De term “illustratie” betekent, maar is niet beperkt tot, elke type ontwerp, beeld, merk, figuur, codes, woorden, patronen en dergelijke. Voor een product zoals een zindelijkheidsbroek zullen op de illustraties doorgaans voorwerpen staan die verband houden met kleine jongens en meisjes, zoals veelkleurige vrachtwagens, vliegtuigen, ballen, poppen, strikken en dergelijke.
Veel van de bekende superabsorberende polymeerdeeltjes hebben gelblokkering. “Gelblokkering” vindt plaats wanneer superabsorberende polymeerdeeltjes nat worden en de deeltjes opzwellen en zo de transmissie van fluïdum naar andere gebieden van de absorberende constructie blokkeren.
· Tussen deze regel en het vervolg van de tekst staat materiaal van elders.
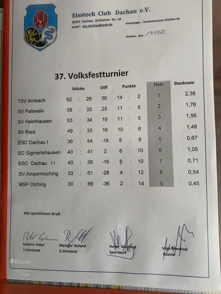 Gratulation dem diesjährigen Sieger des Volksfestpokal.Turniers „ TSV Arnbach „
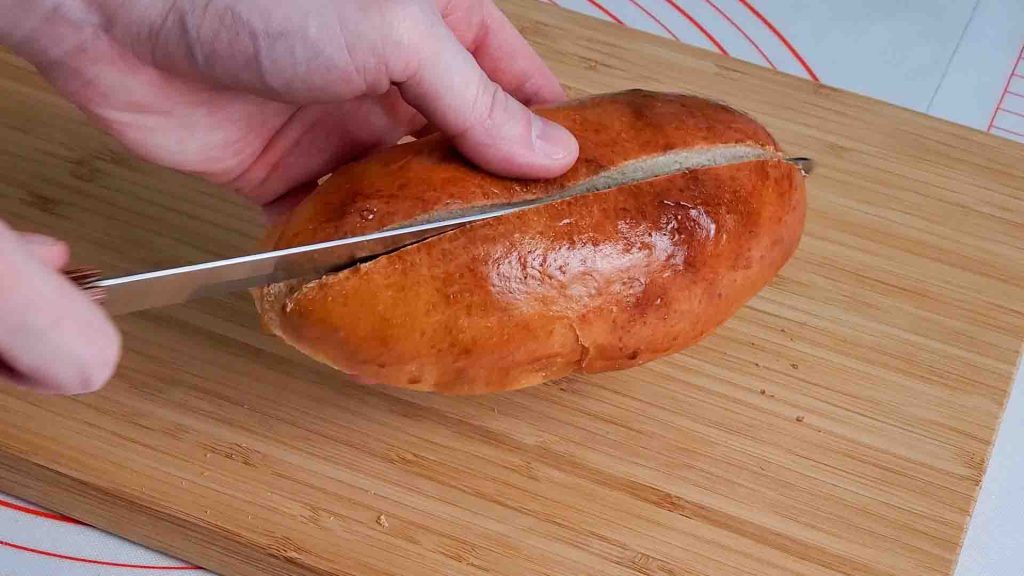 Once the buns have been baked, allow them to fully cool down before cutting into them. This will make it much easier to cut the buns and also allow you to make a cleaner cut.
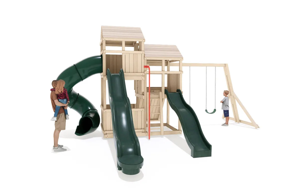 With the standard mountain base and loaded with accessories - including a giant 4.4m super slide and enclosed spiral slide. That's not all; they can climb up the rock wall to their very own fort, slide down the firepole or reach to the sky on their sling swings.
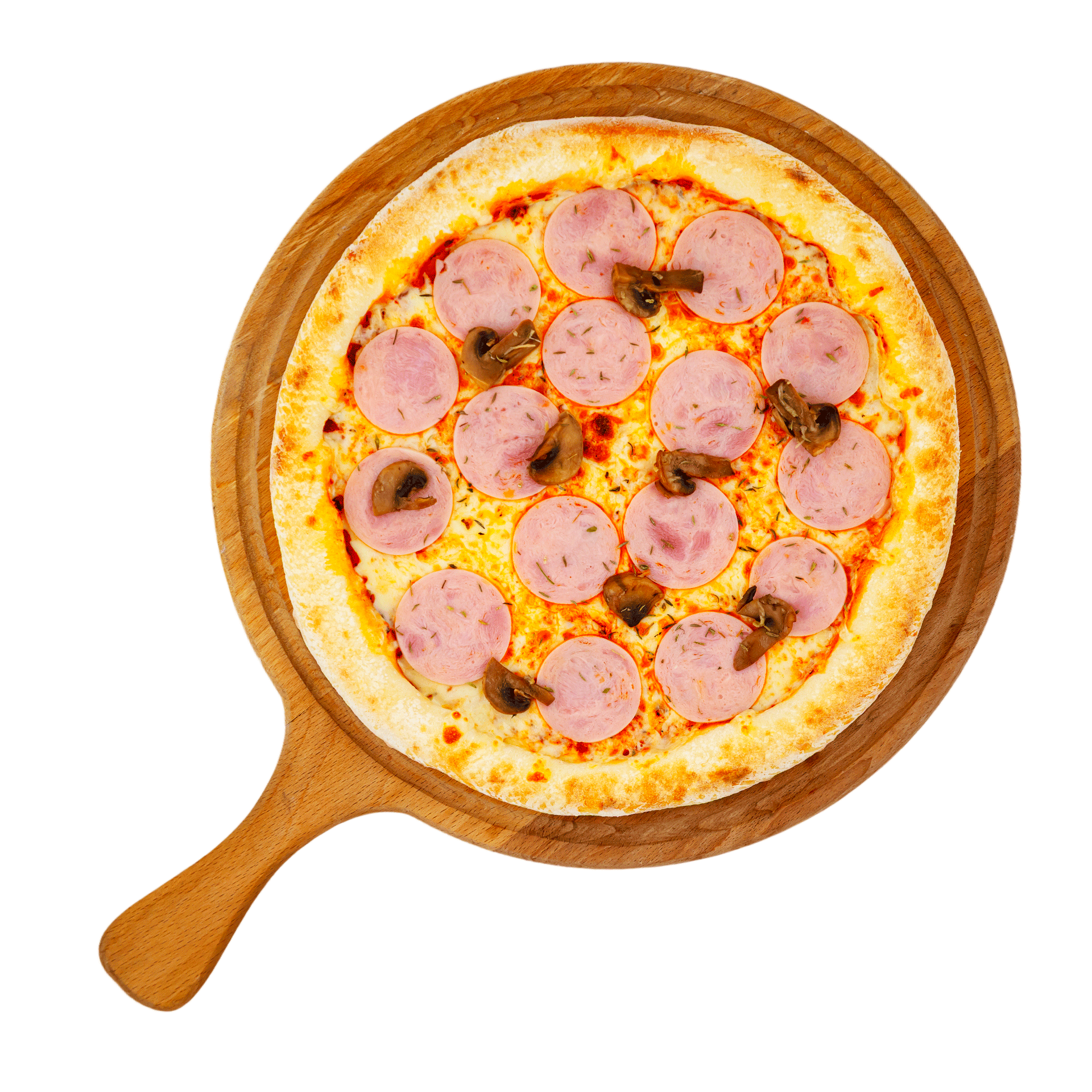 Пицца «Ветчина грибы» - вкуснейшая пицца собственного производства! ⌀ 30 см. вес ~550 гр.

Het vochtig worden van deze andere gebieden van het absorberende orgaan vindt derhalve plaats via een zeer langzaam verspreidingsproces. Praktisch gezien, betekent dit dat de opname van fluïda door de absorberende constructie veel langzamer gaat dan de snelheid waarmee de fluïda worden uitgescheiden, in het bijzonder als er sprake is van stromen. Lekkages uit het absorberende artikel kunnen plaatsvinden lang voordat de superabsorberende polymeerdeeltjes in het absorberende orgaan volledig verzadigd zijn of voordat het fluïdum voorbij de “blokkerende” deeltjes naar de rest van het absorberende orgaan kan stromen of afvloeien. Gelblokkering kan een bijzonder acuut probleem zijn als de superabsorberende polymeerdeeltjes onvoldoende gelsterkte hebben en vervormen of zich verspreiden onder spanning, wanneer de deeltjes opzwellen door het geabsorbeerde fluïdum.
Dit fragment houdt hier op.